Have you started the SSE 4.2 coding? I'll learn SSE 4.2 instruction, if you have implemented a instruction, mayby I can do some coding work depends on it. Anyway, if there is anyting I can do to make SSE 4.2 and AVX done faster, I'll be glad to do.
Not yet. End of week / next week probably (hopefully)
ok, get it. Look forward to it.
sorry to borther you again, as you said Ymm will need to have some dynamic allocation for that high part. After I learn the Dynarec code more detailed, I noticed that there is only 32 NEON registers, and have used 24, the remaining 8 registers are not enough for ymm(and they are useed as scratch regs). As you said it will need to dynamic allocation, How will you implement this feature. can I just use x87_purgecache
and mmx_purgecache
to store these cache in x64emu_t, and emulat the ymm instruction with all 32 NEON registers, then load x87 and mmx cache again after emulation for the ymm instructuons?
If it's not the right way. what's your plan after SSE4.2,Will you implement the AVX static translation(interpretor) or dynamic translation first. Will it help if I could do some interpretor development, to let you have more time on Dynarec development.
Yes, the idea will be to hopefully use x87/mmx regs and, but still have some kind of dynamic purge/alloc of regs for YMM / x87 / mmx available.

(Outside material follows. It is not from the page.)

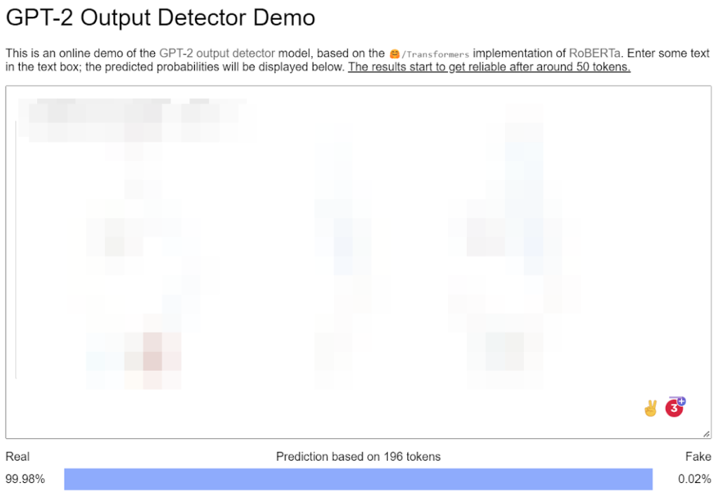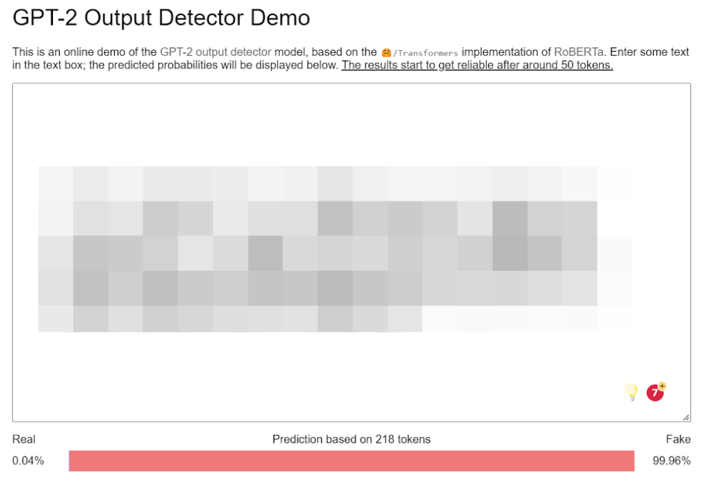As of this writing, there are three open-source projects that I’m aware of that attempt to detect generated content. Grover, a fake news detector, GLTR, and the GPT-2 Output Detector built from RoBERTa.

Once SSE4.2 is done, I probably start both interepretor and dynarec at the same time, just to setup the basic infrastructure stuffs, like handling of the new YMM reg size, VEX fetching and dispatching... this kind of things. The interpretor code is always helpfull, because it's some kind of reference. Also, some test (so some x86_64 program, using assembly or interpreter) will also be nice to have, especialy at the beggining.